The Day After, a dramatisation of the effects of a hypothetical nuclear attack on the United States (after a Soviet attack on Germany sparks World War III) was one of the biggest media events of the 1980s.
Screened by ABC on Sunday, 20 November 1983, The Day After was watched by half the adult population of the USA, the largest audience ever for a made-for-TV movie to that time.
The movie was broadcast after weeks of advance publicity, fuelled by White House nervousness about its anti-nuclear bias.
ABC had distributed a half-million “viewer’s guides,” and discussion groups were organised around the country. A studio discussion, in which Secretary of State George Schultz participated, was conducted following the programme.
The advance publicity was unprecedented in scale. It centred on the slogan “The Day After – Beyond Imagining: The starkly realistic drama of nuclear confrontation and its devastating effect on a group of average American citizens”.
The brainchild of Brandon Stoddard, then president of ABC Motion Picture Division, and directed by Nicholas Meyer, The Day After went on to be either broadcast or released as a theatrical feature in over 40 countries.
In Britain, for example, an edited version was shown three weeks later on the ITV commercial network and accompanied by a Campaign for Nuclear Disarmament recruitment drive.
The delicate issue of identification with victims and survivors was handled by setting the catastrophe in a real town with ICBM (intercontinental ballistic missile) silos and by using a large cast of relatively unknown actors – though John Lithgow, playing a scientist, would become more famous – and a horde of extras (3,000 extras played corpses).
Time magazine opined that “much of the power came from the quasi-documentary idea that nuclear destruction had been visited upon the real town of Lawrence, Kansas, rather than upon some back lot of Warner Brothers.”
Following the blinding light of the nuclear strike, bodies are frozen in mid-motion, lit up by X-rays and then incinerated.
While the immediate blast effect is horrible, it’s the wasteland in the aftermath that really shows the intensity of nuclear war. The survivors form lawless groups, picking through rubble and looting to stay alive before dying of either radiation poisoning or starvation and misery.
The destruction had involved the careful arrangement of twenty truckloads of construction rubble and sackfuls of soot, flour and ashes blown by wind machines.
Consequently, the blasted buildings and the citizens – covered in white fallout dust, dead or dying, red-eyed and going bald, looting and killing, some digging mass graves before radiation sickness struck them too – were a disturbing sight.
Scriptwriter Edward Hume decided to fudge the World War III scenario: “It’s not about politics or politicians or military decision-makers. It is simply about you and me – doctors, farmers, teachers, students, brothers and kid sisters engaged in the usual love and labour of life in the month of September”.
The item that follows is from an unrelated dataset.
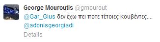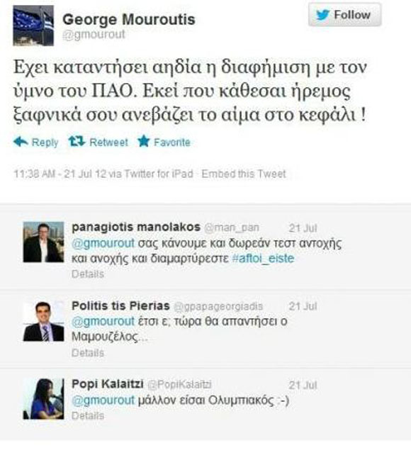 Αηδιάζει όταν ακούει τον ύμνο του Παναθηναϊκού και του ανεβαίνει το αίμα στο κεφάλι; Είναι αλήθεια ατό για τον Γιώργο Μουρούτη, στενό συνεργάτη του Αντώνη Σαμαρά και διευθυντή του Γραφείου Τύπου του Πρωθυπουργού;«Εχει καταντήσει αηδία η διαφήμιση με τον ύμνο του ΠΑΟ. Εκεί που κάθεσαι ήρεμος ξαφνικά σου ανεβάζει το αίμα στο κεφάλι», φέρεται πως έγραψε στον λογαριασμό του στο Twitter, ο Γιώργος Μουρούτης. Και ενώ το εν λόγω tweet δείχνει να έχει “εξαφανιστεί” από το timeline του, followers του απαντούν, αλλά εκείνος… το αρνείται. Δείτε τα tweets…

Production proceeded without the cooperation of the Defence Department, which had wanted the script to make it clear the Soviets started the war.
Despite occasional trappings of actuality, the plot develops in soap opera fashion, with two families about to be united by marriage. But it evolves to an image of a community that survives the nuclear family, centred on what is left of the local university and based on the model of a medieval monastery.
The film broke two cardinal rules previously held sacrosanct by US television networks and the Hollywood movie industry – never leave viewers politically aroused and never leave them emotionally depressed. In another television first in the US, there were no commercial breaks after the bomb fell.
Some critics found it too tame in its depiction of the effects of nuclear attack (abroad, this was sometimes attributed to American naiveté about war) – a reproach anticipated in the final caption; “The catastrophic events you have witnessed are, in all likelihood, less severe than the destruction that would actually occur in the event of a full nuclear strike against the United States”.